I am particularly interested how one can deal with a huge amount of information for a commercial service like Google Search or Google Maps. We all know they use (or "did" at least) a kind of Linux clusters, but how exactly are they organized? What kind of hardware do they use, what file systems, networking, what problems are the most frequent?
The answer depends on what you are trying to do. Google created their own destributed database, but also they created their own computing farms and lot of other stuff. Once you decided to go same way, there is no simple aswer what to do, but for sure you will need millions of investments into infrastructure and development.
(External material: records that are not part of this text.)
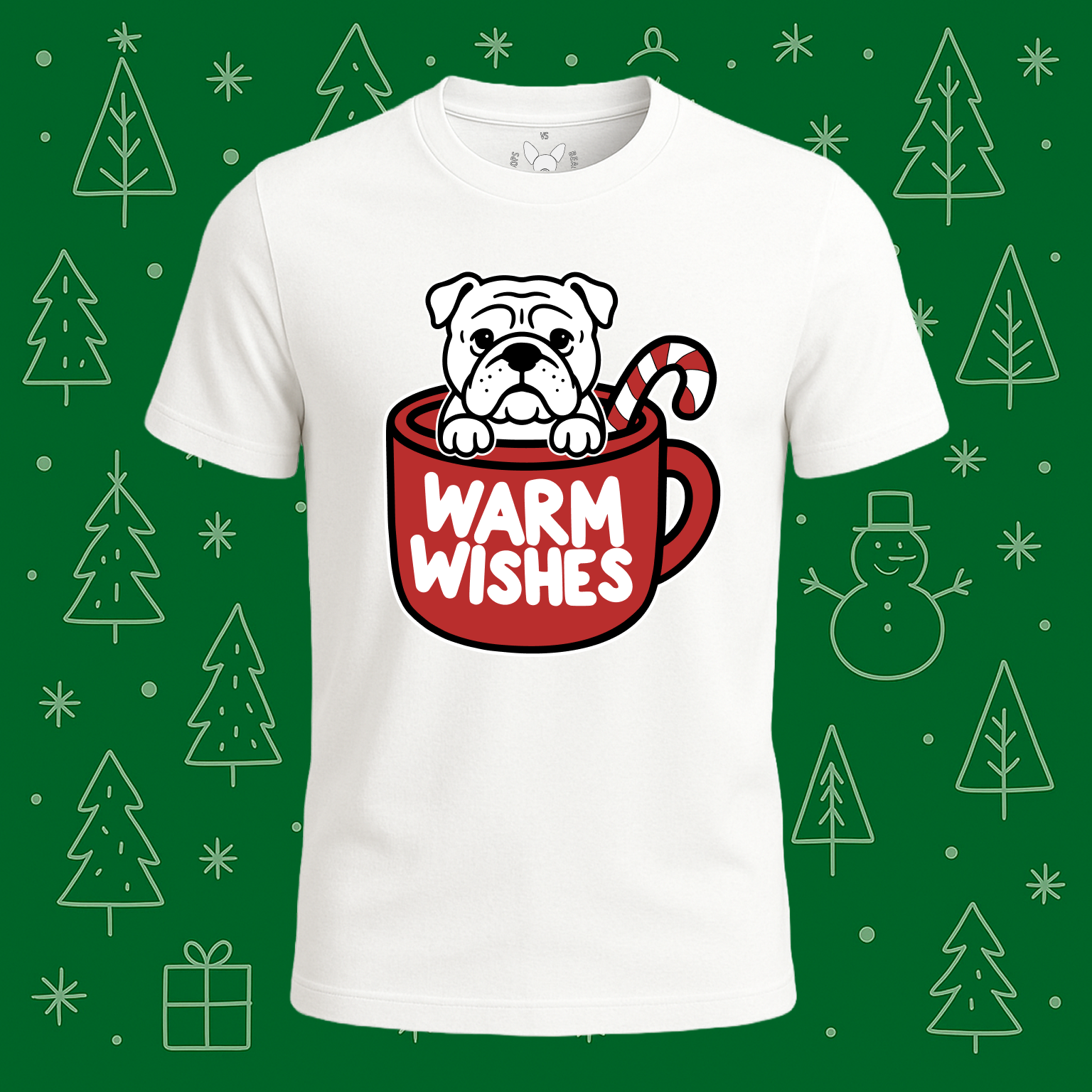 A cozy and festive tee featuring a cheerful English Bulldog peeking out from a giant holiday mug filled with warm wishes. Perfect for dog lovers who want to spread good vibes all season long, whether you’re sipping coffee, walking your pup, or lounging at home.
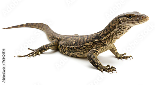 © Mawar, Fototapeta premium A large monitor lizard sticks out its tongue against a clean white background, showing detailed scales and a fierce expression.
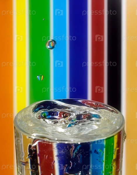 Три капли падают в стакан с водой на полосатом фоне
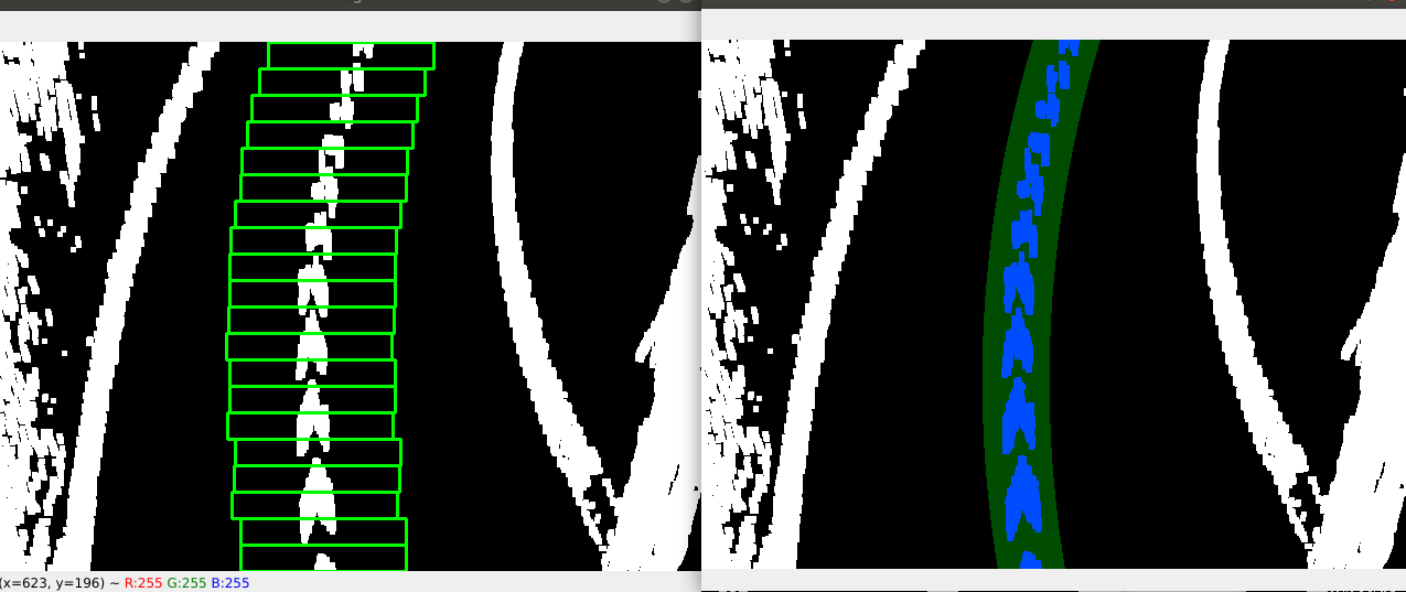 Two schemes are used for the lane line recognition part, one is a scheme that uses UNet to implement semantic segmentation of lane lines, and the other is a scheme that uses normal image processing algorithms and uses sliding window detection to implement it.
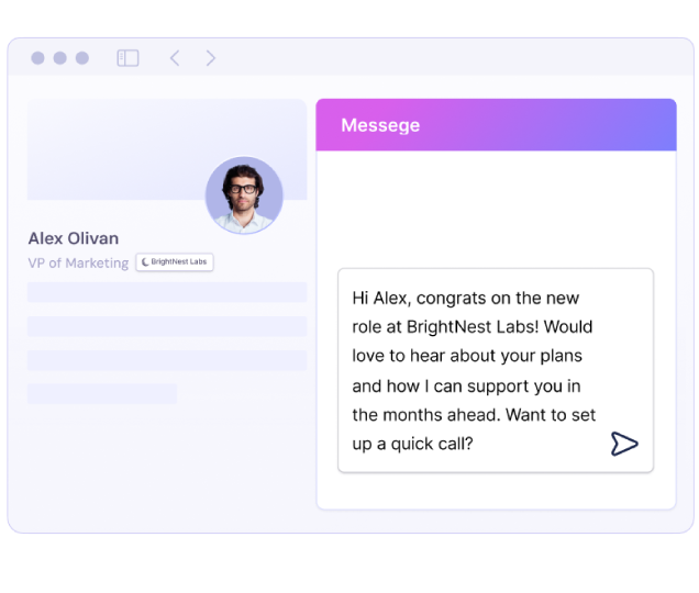 Job changes aren’t only data points. They’re natural touchpoints to reconnect and start new conversations. Atlas can automatically draft a message when someone moves roles, congratulating them and inviting them to catch up. It’s a smart, timely way to stay top of mind and uncover new hiring needs as they settle into their next challenge.
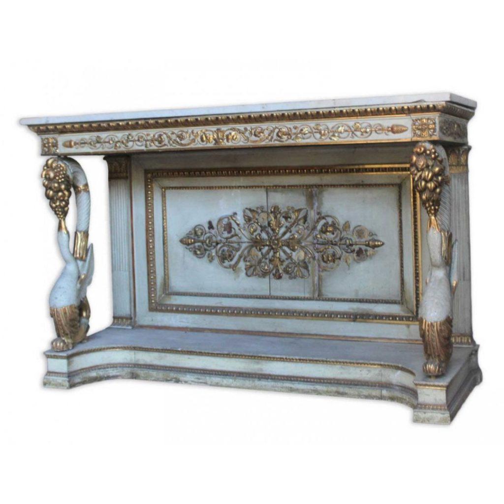 Consolle Impero, Lucca 1780 con uva e cigni, laccata e dorata, piano in marmo bianco, misure 98 x 155 x 55cm.
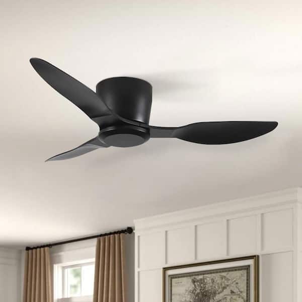 40 in. Matte Black Flush Mount Ceiling Fan without light, 3 Reversible Blades, with 6 Speeds Reversible DC Motor
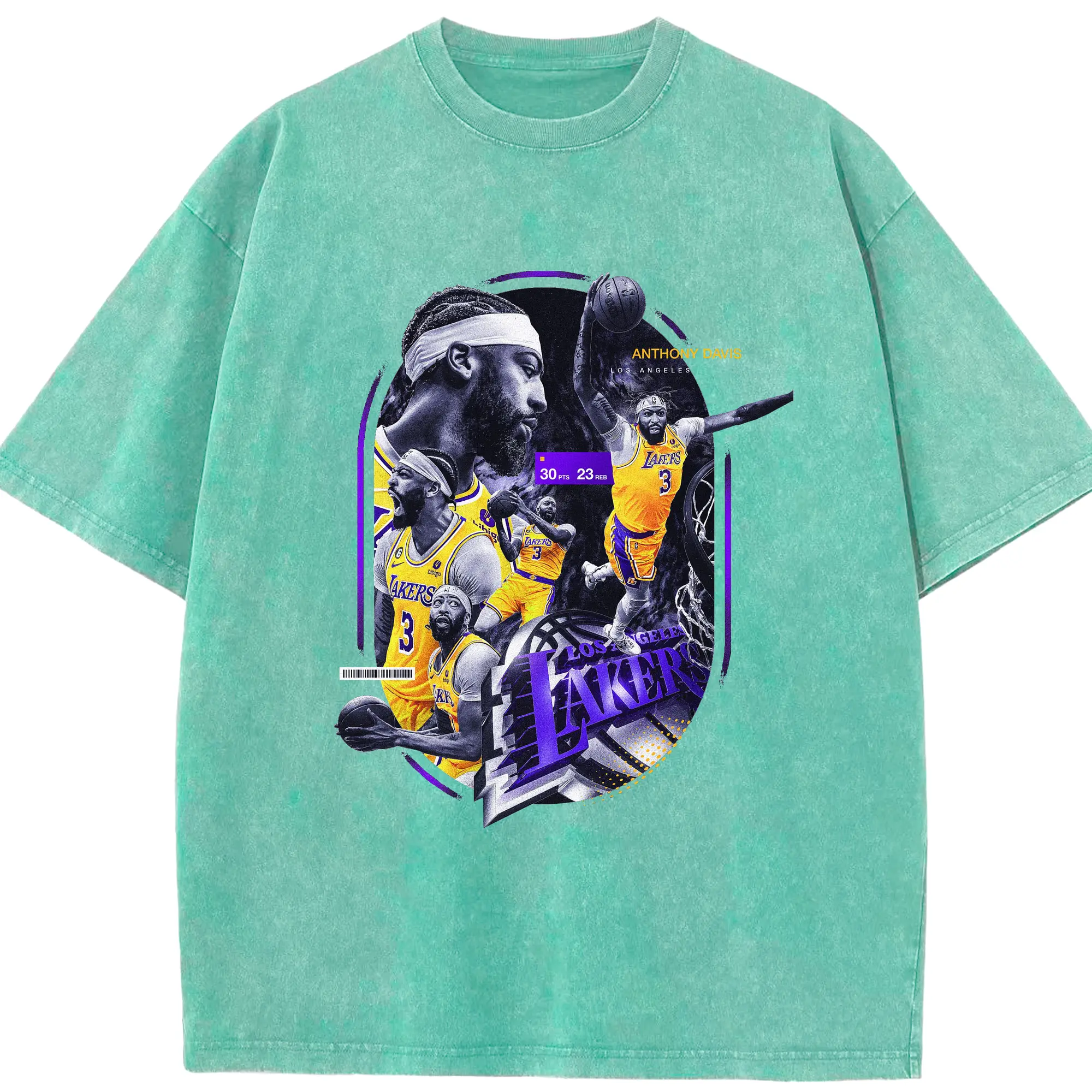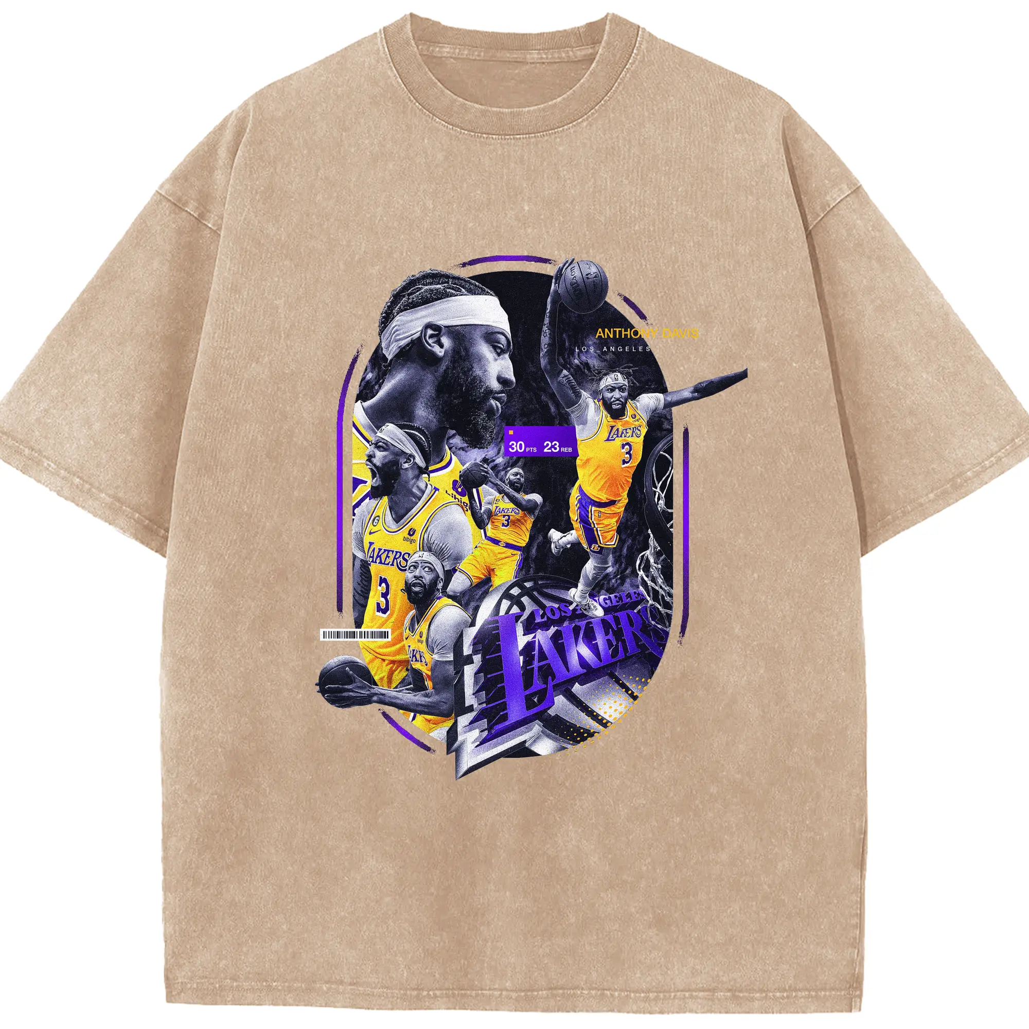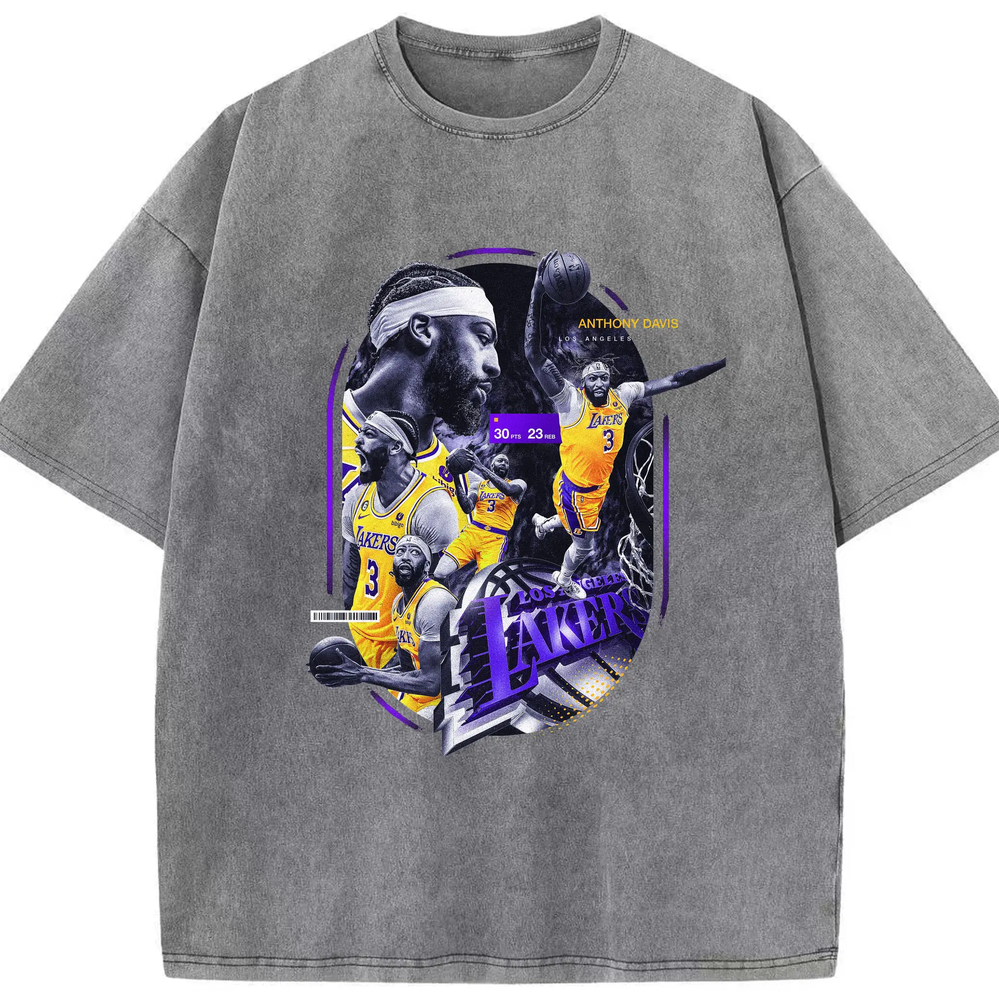 Anthony Davis 30 Points 23 Rebounds Lakers Shirt - Washed Vintage Look 230g Cotton Oversized T-Shirt With Front Heat Transfer Print – Soft, Lightweight, Stylish Fit – Comfortable Casual Wear For Sports & Everyday Use
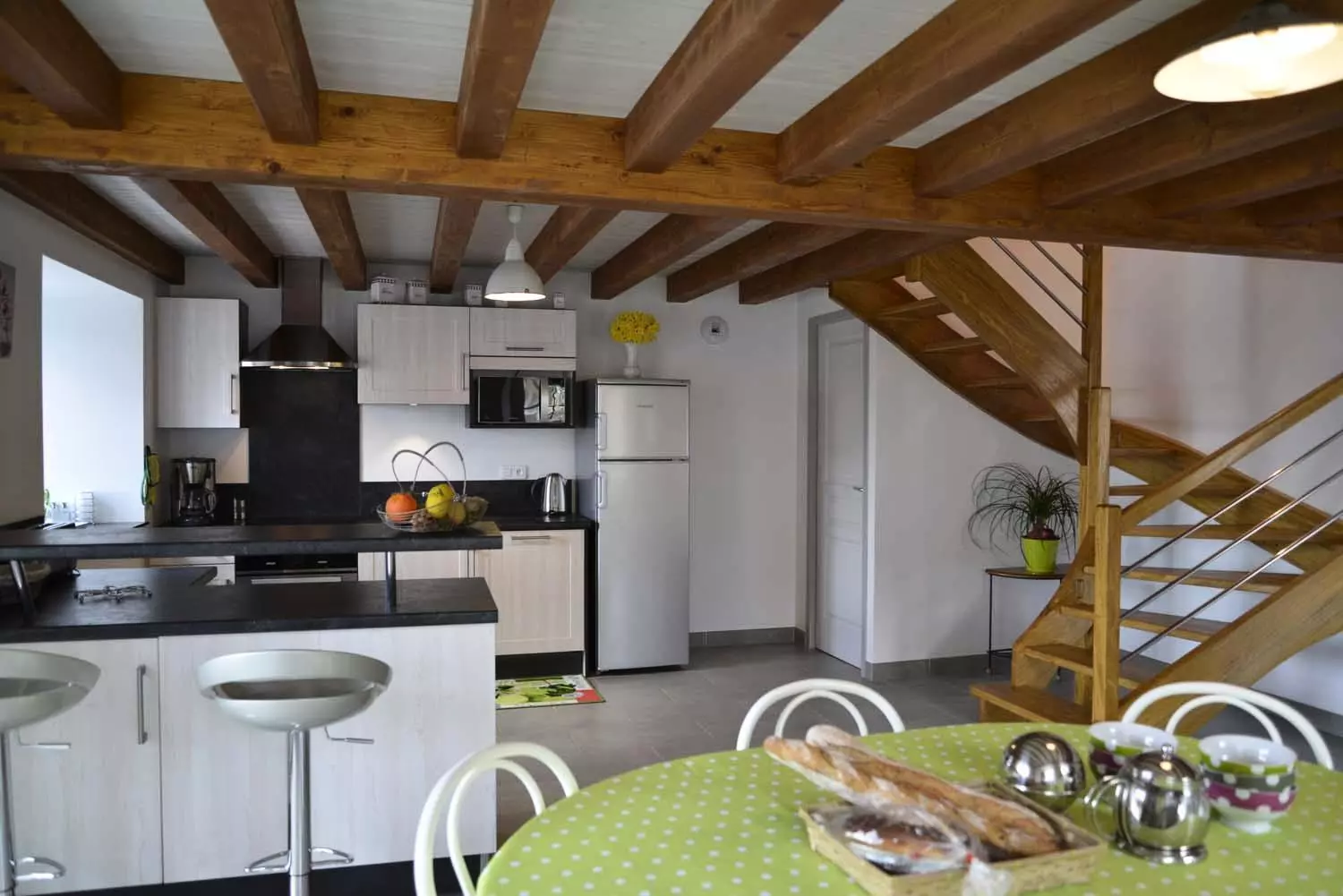 Au rez de chaussée : cuisine entièrement aménagée (lave-vaisselle, micro-ondes, réfrigérateur/congélateur), salle à manger et salon avec chauffage au sol et poêle à bois, télévision, accès WIFI, buanderie (lave-linge) avec WC indépendant.
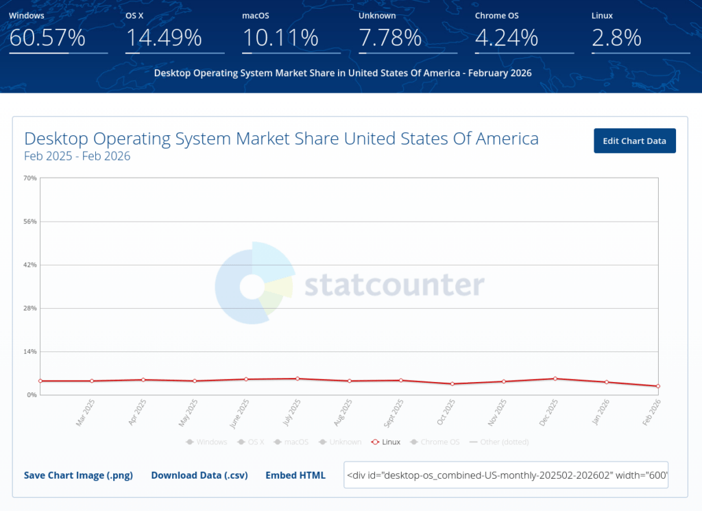 Nel caso del 5% la fonte era diversa, si trattava infatti di Statcounter e si riferiva al Nord America, ma controllando oggi, i dati sono in linea con quanto ha mostrato il survey di Steam:
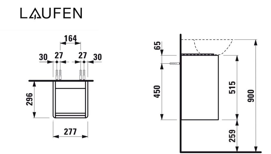 Тумба під раковину Laufen Base підвісна 27,7х29,6 см петлі праворуч ДСП світлий в'язок

Matthew provided in comment link to matherials about what Google did.
However, if your goal is to create web application, than you may want not to spend time for creating infrasturucture yourself, but use what is already on the market. if you want to create application that can deal with huge amount of data serve millions of customers every hour, then you definetely should look at cloud infrastructure like Amazon Elastic Computing Cloud and Microsoft Azure.
Advantage is that you get at reasonable price huge computing farm with implemented database application and immediate scalability, and no IT costs associated with it. You can immediately scale it from just one server to hundred and then back to one, when demand spike was passed.
Here's description of Amazon Elastic Computing Cloud: http://aws.amazon.com/ec2/
Here's description of their scalable database services: http://aws.amazon.com/simpledb/ http://aws.amazon.com/rds/